Tak hanya pada kehidupan sehari-hari, teori ini perlu diterapkan dalam menggarap sebuah film. Sebagai gambaran, Joko Anwar sukses mempraktikkan narrative paradigm pada karya box office-nya yaitu “Pengabdi Setan 2: Communion”. Narrative coherence dilakukan Joko dengan menjaga konsistensi alur cerita dan sifat karakter dengan film pertamanya, “Pengabdi Setan”. Sementara narrative fidelity diimplementasikan dengan membubuhkan narasi yang relatable dengan kehidupan masyarakat. Sadar atau tidak, terdapat tuntutan dalam lingkungan bermasyarakat bahwa wanita belum sempurna jika belum melahirkan.

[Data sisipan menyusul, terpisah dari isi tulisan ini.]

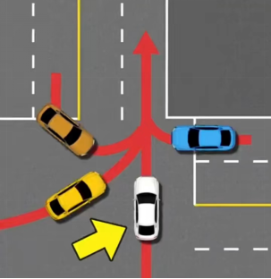 ‌转弯让直行‌:在没有交通信号灯和标志的交叉路口,转弯或调头的车辆应让行直行车辆。例如,蓝色车辆要让黄色车辆先行‌

Hal tersebut lah yang mendasari film “Pengabdi Setan”, yaitu seorang wanita yang menghalalkan segala cara demi mendapatkan buah hati, termasuk melakukan perjanjian dengan iblis. Selain itu, pemilihan rumah susun (rusun) sebagai latar film juga dinilai sesuai dengan kehidupan sebagian masyarakat. Tak hanya latar cerita, akting para aktor turut menggugah perasaan penonton. Salah satunya adalah adegan iconic di mana Tony ketakutan saat diminta Pak Ustad berkeliling untuk memeriksa hunian para jenazah. Rasa takut dan keraguan yang dilukiskan sang aktor turut dirasakan penonton, yang kemungkinan besar akan merasakan hal serupa jika ada di posisi Tony.
Melalui “Pengabdi Setan 2: Communion”, kita dapat belajar bahwa dengan memperhatikan keselarasan narrative coherence dan narrative fidelity, komunikasi dan penyampaian pesan dapat dilakukan secara runtut dan efektif.